Free SSL Providers Spark 50% Increase of Encrypted Traffic

A recent Mozilla telemetry graph measure that approximately half of all traffic in transit is now encrypted, a more than 10% jump from last December. And on October 14, Josh Aas, director of Internet Security Research Group and formerly Mozilla, confirmed on Twitter that the initiative had generated more than one million new active certificates over the past week, which now totals up to over 7.5 million. This drastic increase in SSL is similar to the appearance of free SSL certificate authorities, as Let’s Encrypt or services offered by Cloudflare, Amazon or WordPress.

Let’s Encrypt, a non-profit effort that brings free SSL/TLS certificates to the web, was founded in December 2015. The initiative was founded by EFF, Mozilla, and the University of Michigan, and is sponsored by major companies Akamai, Cisco, Facebook, Chrome, the Internet Society and Mozilla. OVH joined the movement by becoming late 2015 as a platinum partner of the initiative. Free, Gandi and Gemalto also support the consortium. Since its launch, Let’s Encrypt has issued more than 5 million certificates in total, which was also 40% of internet traffic.

Let’s Encrypt provides the certificates free of charge through an automated process designed to cut through complexity and cost and allow more websites to accelerate the switch to HTTPS. Its ACME, or Automated Certificate Management Environment, is an open API that helps hosting providers and other users with creating, validating, installing and renewing certificates.

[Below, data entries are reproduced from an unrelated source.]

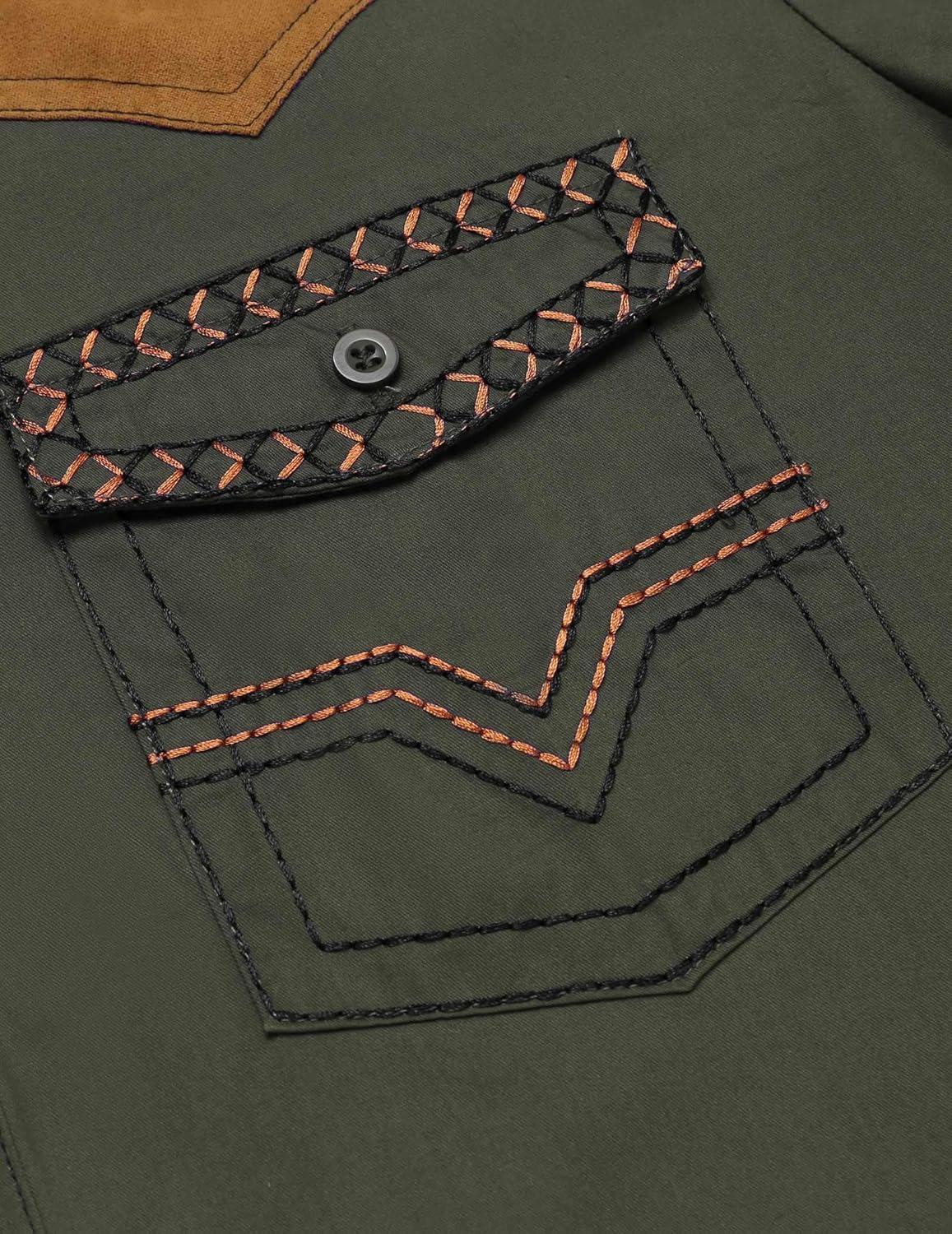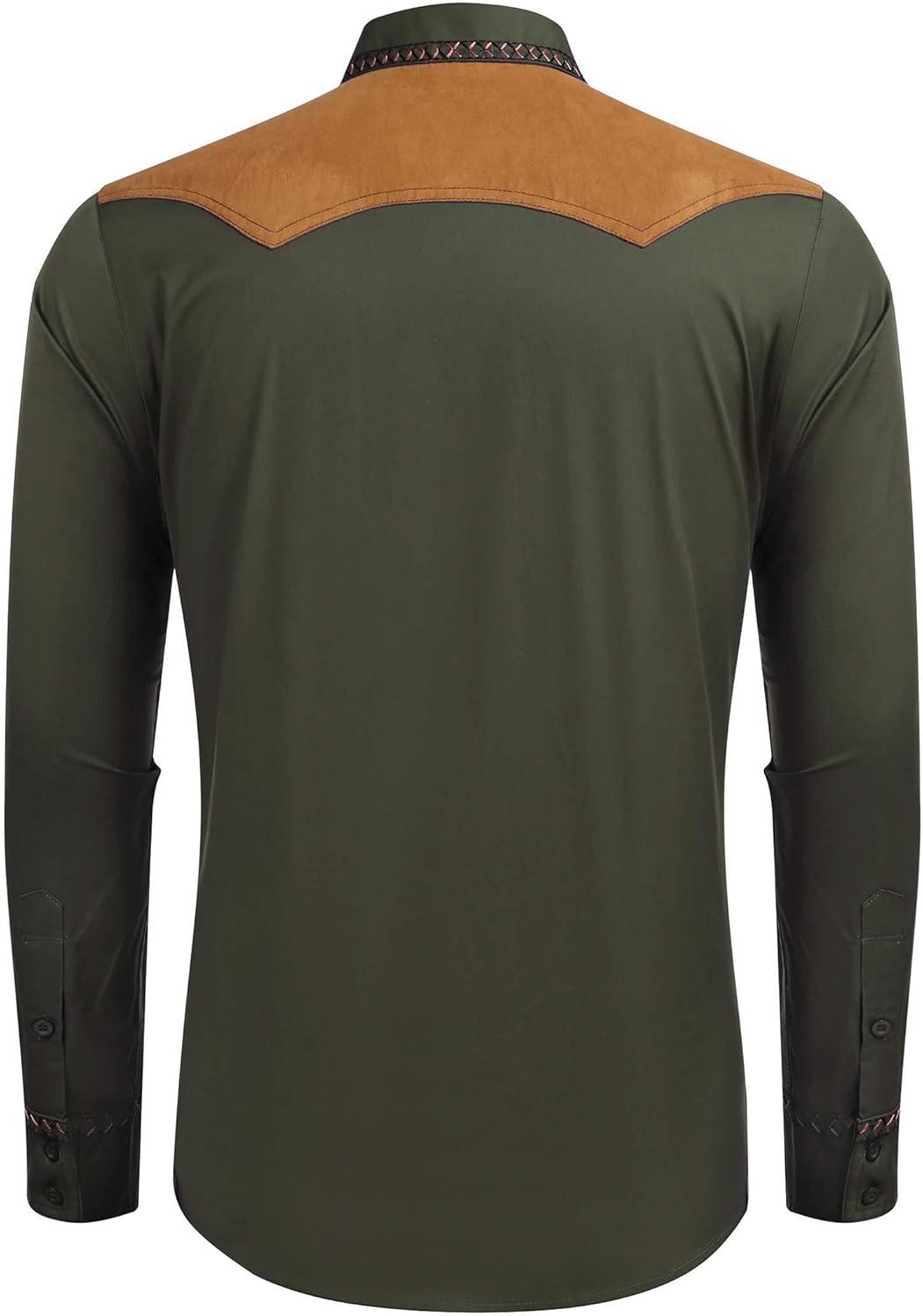 COOFANDY Men’s Western Cowboy Shirt Embroidered Long Sleeve Slim Fit Casual Cotton Button Down Hippie Shirts with Pockets(Army Green)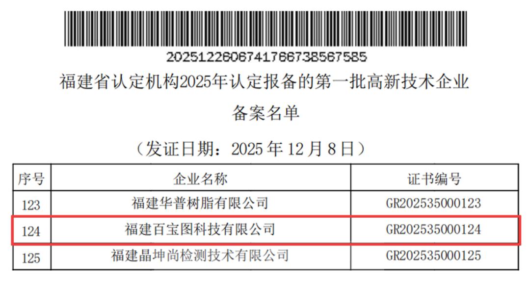 12月26日,根据《高新技术企业认定管理办法》(国科发火〔2016〕32号)和《高新技术企业认定管理工作指引》(国科发火〔2016〕195号)有关规定,福州冶城集团所属福州市勘测院有限公司权属企业福建百宝图科技有限公司(以下简称“百宝图公司”)成功通过国家高新技术企业认定,被列入福建省认定机构2025年认定报备的第一批高新技术企业备案名单,这标志着百宝图公司在科技创新能力、核心自主知识产权、科技成果转化及企业成长性等方面获得了国家级权威认可,是其发展历程中的重要里程碑。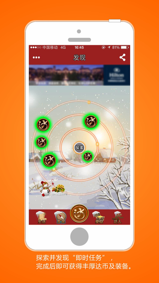 发现界面:选择达此,挑战生活中的未知!探索并发现“即时任务”,完成后即可获得丰富的达币及装备!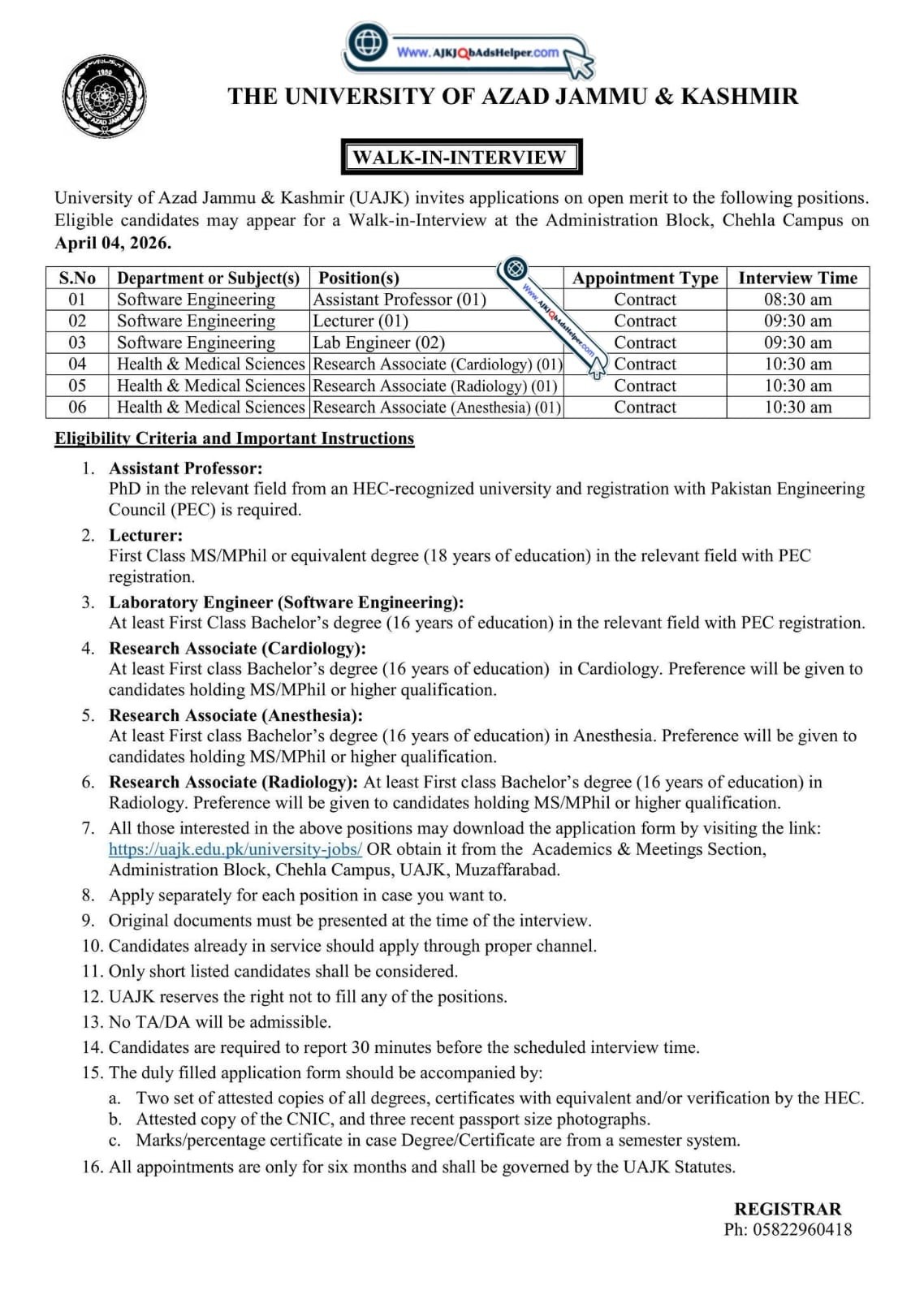 AJK Governments Jobs, AJK JobsNeed Staff at AJK University Muzaffarabad Posted on March 31, 2026March 31, 2026 by ajkjobadshelper 31 Mar 𝐂𝐚𝐫𝐞𝐞𝐫 𝐎𝐩𝐩𝐨𝐫𝐭𝐮𝐧𝐢𝐭𝐲 𝐚𝐭 𝐔𝐀𝐉𝐊Join the University of Azad Jammu & Kashmir through walk-in interviews for multiple academic and research positions. April 04, 2026 Chehla Campus, Muzaffarabad Online website Link Situations Vacant (Click Here to View AD) (Application Form)Click here for online Challan ajkjobadshelper Padua International Excellence Scholarship 2026 in Italy (Funded) International Volunteer Forum 2026 Hungary (100 Fully Funded Seats)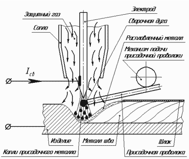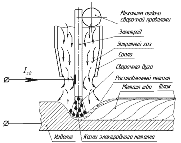 При сварке плавящимся электродом в защитном газе (рисунок 25) в зону дуги, горящей между плавящимся электродом (сварочной проволокой) и изделием через сопло подаётся защитный газ, защищающий металл сварочной ванны, капли электродного металла и закристаллизовавшийся металл от воздействия активных газов атмосферы. Теплотой дуги расплавляются кромки свариваемого изделия и электродная (сварочная) проволока. Расплавленный металл сварочной ванны, кристаллизуясь, образует сварной шов.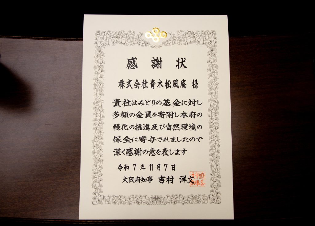 大阪府吉村知事より寄付に対する感謝状を頂きました。|青木松風庵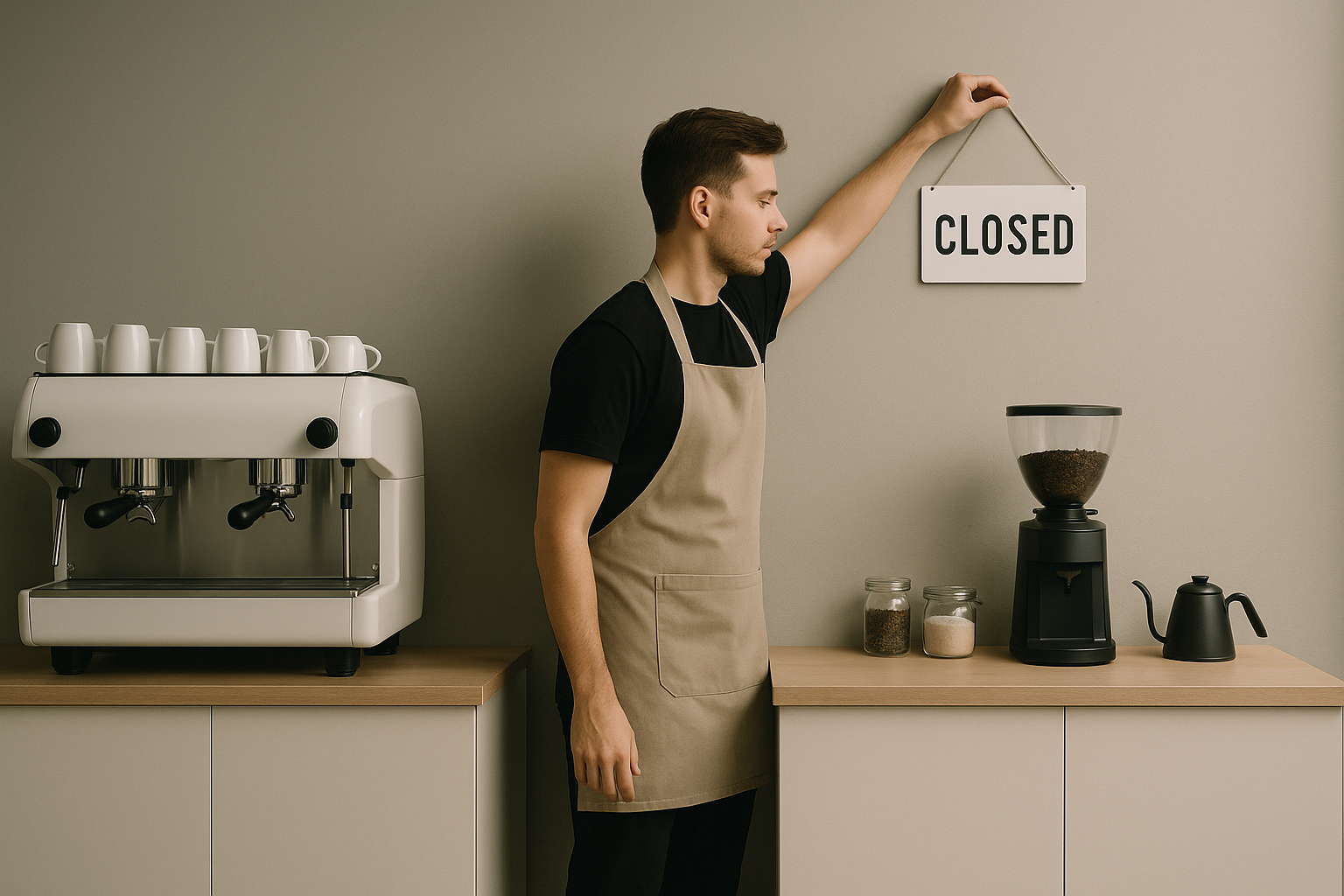 A barista in a minimalist café setting hangs a 'CLOSED' sign. The scene features a modern espresso machine, a grinder, and stylish decor, highlighting the end of a workday.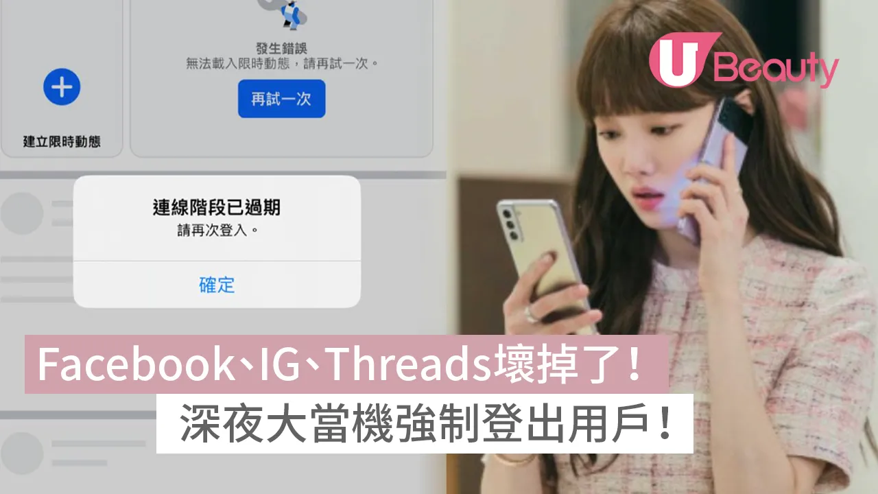 Facebook、Instagram、Threads壞掉當機故障|今天晚上,Meta旗下的社交媒體平台,包括Facebook (又稱FB、臉書)、Instagram (IG)和Threads等,突然出現了故障,造成許多用戶無預警被自動登出,引起了網民哀號!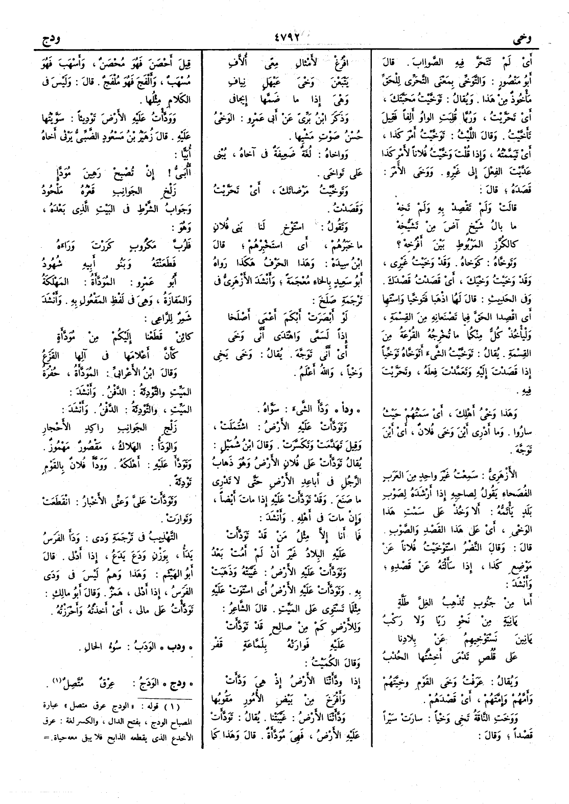 ( ودأ ) وَدَّأَ الشيءَ سَوّاه وتَوَدَّأَتْ عليه الأَرضُ اشتملت وقيل تَهَدَّمت وتَكَسَّرت وقال ابن شميل يقال تَوَدَّأَتْ على فلان الأَرضُ وهو ذَهابُ الرَّجلِ في أَباعد الأَرضِ حتى [ ص 192 ] لا تَدْرِي ما صنَعَ وقد تَوَدَّأَتْ عليه إِذا ماتَ أَيضاً وإِن ماتَ في أَهْلِه وأَنشد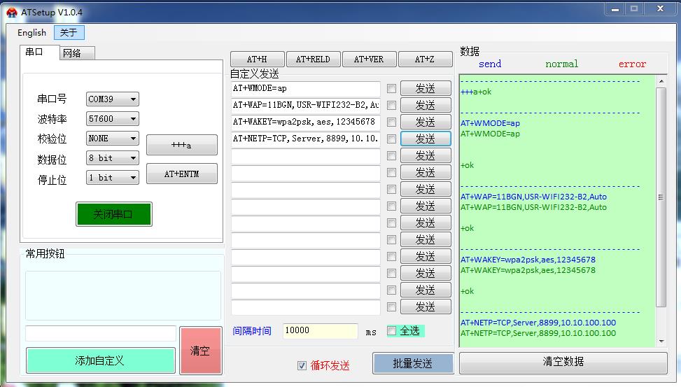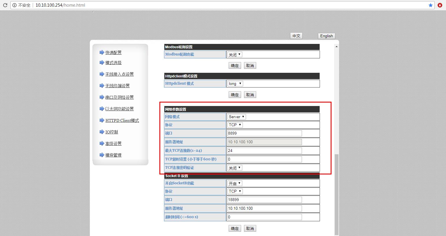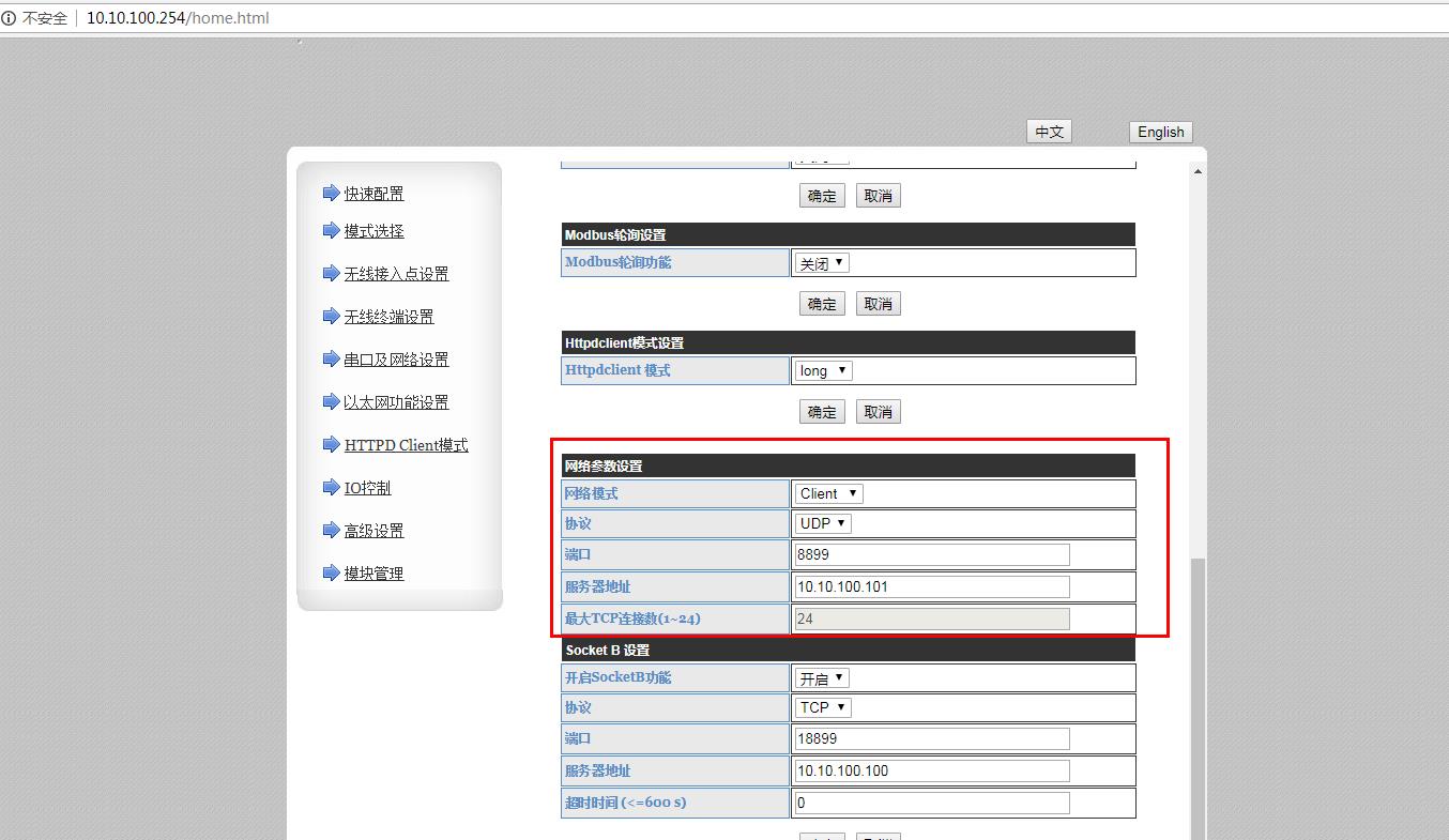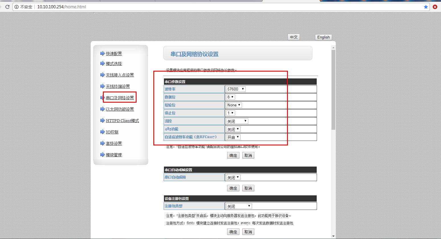 用USR-WIFI232-B2的Ip 10.10.100.254 登錄USR-WIFI232-B2的網(wǎng)頁(yè),然后修改W610的串口參數(shù)。測(cè)試4種工作模式下,串口和網(wǎng)絡(luò)的數(shù)據(jù)透?jìng)鳌?/p>

This rapid growth is a sign of the growing interest due to large-scale deployments from companies such as OVH, WordPress.com, Akamai, Shopify, Dreamhost, and Bitly. The organization’s goal for the entire web traffic to reach 100% HTTPS certificates means being able to help websites with the transition with transparency and ease-of-use.

The generalization of HTTPS is gaining support from major internet browser providers. Google Chrome has put its weight behind the announcement that Chrome will report unsafe sites that do not offer HTTPS beginning in January 2017. In addition, Google has committed to gradually promote the HTTPS sites and intends to flag unsecured connections.